Thursday, August 13, 2015

 

In Community

Matthew Block:
These are not small problems: there’s a reason these views were condemned by the early Church. So how are theologies condemned well over 1500 years ago finding a resurgence in contemporary Evangelicalism? The Christianity Today article suggests a failure in adult Christian education as one cause. Let me suggest another: these heresies are finding a resurgence because too many Protestants misunderstand the Reformation doctrine of sola scriptura. Too many Christians mistake “Scripture alone” as if it were a license for them to read the Bible alone—to read it apart from other people. You know the idea: “All I need is me and my Bible.” But that’s not what it means.

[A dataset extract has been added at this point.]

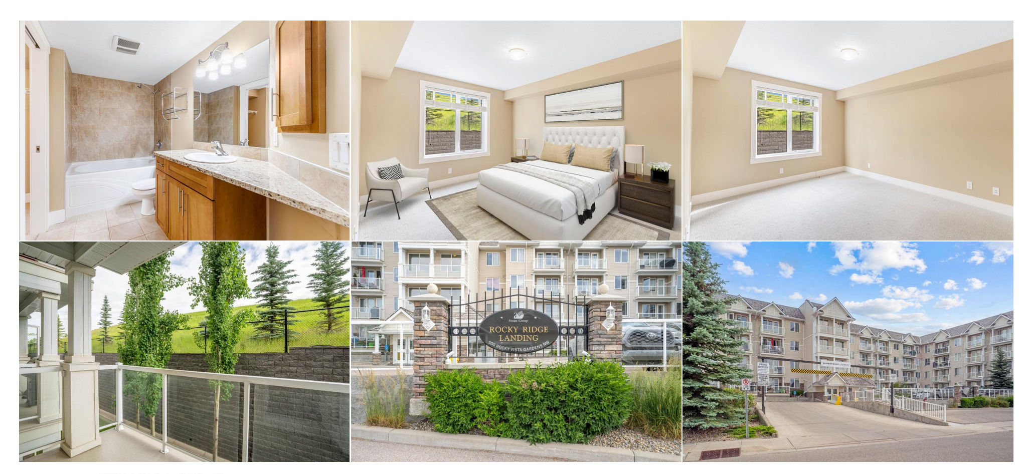
216-500 Rocky Vista Gardens NW, Calgary, AB

It means that Scripture is alone authoritative, not that your personal (“alone”) interpretation of Scripture is authoritative.
Actually, I think the problem Block very rightly notes is a problem with Christian Education, perhaps even education generally.

There is the issue that any more any sort of educational activity, but especially voluntary ones like church school, have to be interesting and entertaining. A college Prof friend of mine called it "edutainment." It is pretty doggone hard to figure out how to make trinitarian doctrinal teaching entertaining and still develop genuine understanding in the student. The perennial question, "How does that affect me?" is another impediment to serious educational undertaking in the church setting. I know in my own educational life I learned a lot of stuff that seemed utterly useless until decades later. (Since I took up woodworking, it is amazing how much geometry I have had to dredge up!)

I think we need to find new ways to motivated our church students other than entertaining them with the lessons or trying to get them to focus on delayed gratification. May I suggest Christ-likeness? And by that I do not mean some sort of ethical purity, but rather the winsomeness that undoubtedly marked the Lord and his apostles. Maybe it is our relationships with students that can best motivate them to learn that which is inherently dull and not immediately useful.

The hard part is that is not a program or a curriculum. That's a challenge and a major commitment.